Ia juga mengidentifikasi bahwa hambatan terbesar ASN terletak pada tiga aspek yaitu rendahnya literasi digital, kebiasaan kerja manual yang sudah mengakar, dan budaya birokrasi yang lambat beradaptasi terhadap percepatan teknologi. Bagi Dr. Endun, SIANTIK harus dimaknai lebih dari sekadar proyek. Ia adalah pintu masuk untuk sebuah revolusi pola pikir.
“Transformasi digital bukan sekadar soal alat baru, tapi cara berpikir baru. Yang paling berharga di era digital adalah kesadaran manusia dalam menggunakannya,” pungkasnya, menunjukkan bahwa perubahan mindset adalah investasi terpenting KPU.
Di pihak KPU, Kepala Biro Perencanaan dan Organisasi KPU RI, M. Syahrizal Iskandar, mengamini pentingnya basis data yang faktual. Ia menjelaskan bahwa SIANTIK akan menjadi fondasi untuk membaca kemampuan ASN secara aktual, bukan berdasarkan asumsi. Sistem ini dirancang untuk memetakan secara detail literasi digital, mengidentifikasi kesenjangan kompetensi, dan menyusun kurikulum pelatihan yang berbasis data riil.
“Pendekatan ini menggeser pola pelatihan dari sekadar seremonial menjadi pembelajaran yang berbasis asesmen, kebutuhan, dan sertifikasi digital,” ucap Syahrizal.
Dengan demikian, KPU berharap dapat menciptakan peta jalan pengembangan SDM yang lebih personal dan modular, memungkinkan setiap ASN meningkatkan kapasitas sesuai kebutuhan spesifik perannya.

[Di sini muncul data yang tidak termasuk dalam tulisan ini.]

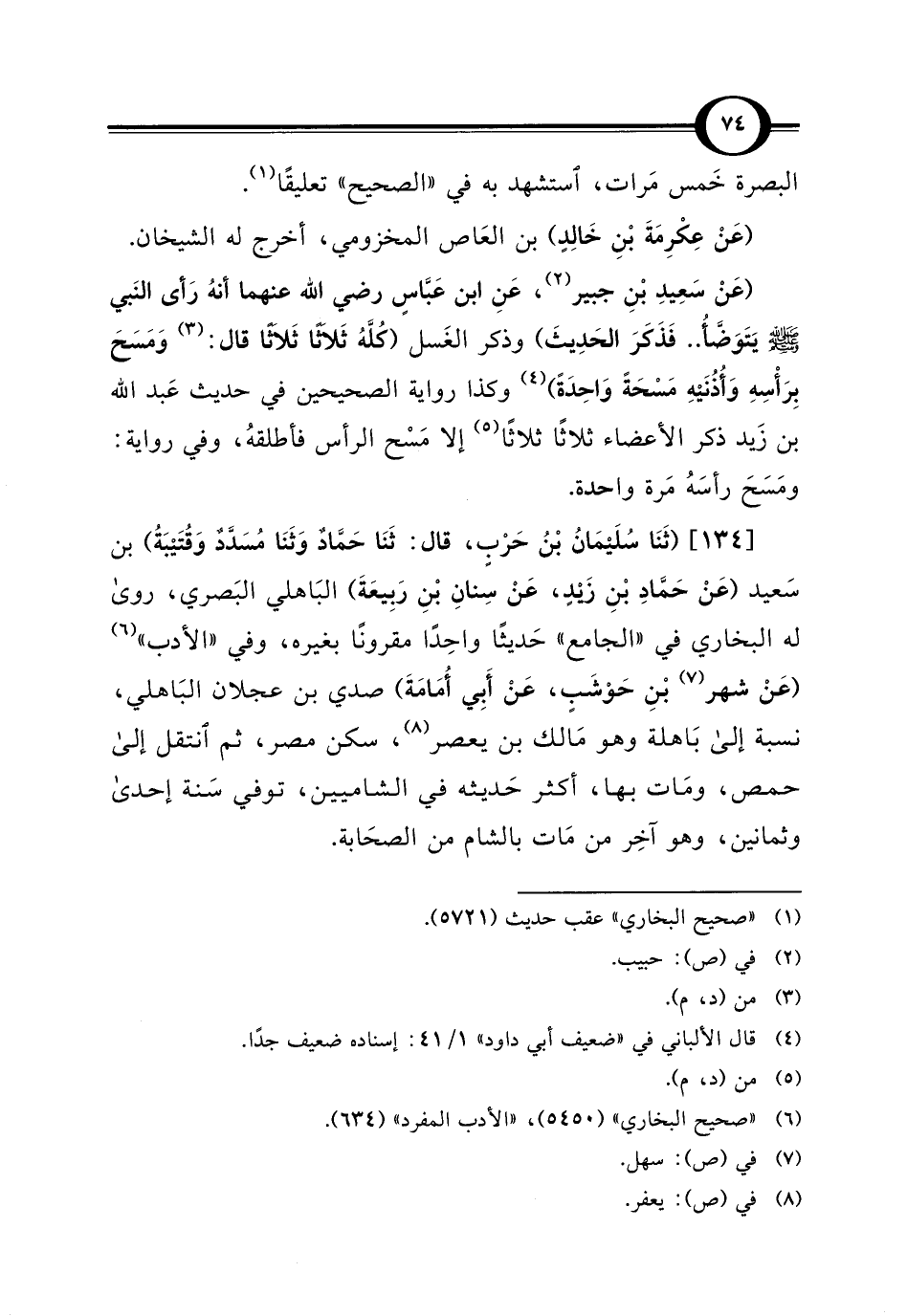 [134] (ثَنَا سُلَيمَانُ بْنُ حَرْبٍ، قال: ثَنَا حَمَّاذ وَثَنَا مُسَدَّدٌ وَقُتَيبَةُ) بن سَعيد (عَنْ حَمَّادِ بْنِ زَيْدٍ، عَنْ سِنانِ بْنِ رَبِيعَةَ) البَاهلي البَصري، روى له البخاري في "الجامع" حَديثًا واحِدًا مقرونًا بغيره، وفي "الأدب" (¬6) (عَنْ شهر (¬7) بْنِ حَوْشَبٍ، عَنْ أَبِي أُمَامَةَ) صدي بن عجلان البَاهلي، نسبة إلى بَاهلة وهو مَالك بن يعصر (¬8)، سكن مصر، ثم انتقل إلى حمص، ومَات بها، أكثر حَديثه في الشاميين، توفي سَنة إحدى وثمانين، وهو آخِر من مَات بالشام من الصحَابة.

Melalui kolaborasi dengan akademisi seperti Dr. Endun, KPU menargetkan lahirnya aparatur yang lincah, inovatif, dan melek teknologi, yang pada akhirnya akan menjaga mutu tata kelola pemilu dan kepercayaan publik di tengah ekosistem digital yang terus berubah. Sosialisasi SIANTIK ini menjadi penanda arah baru manajemen ASN KPU menuju pembelajaran adaptif berbasis teknologi. (ali)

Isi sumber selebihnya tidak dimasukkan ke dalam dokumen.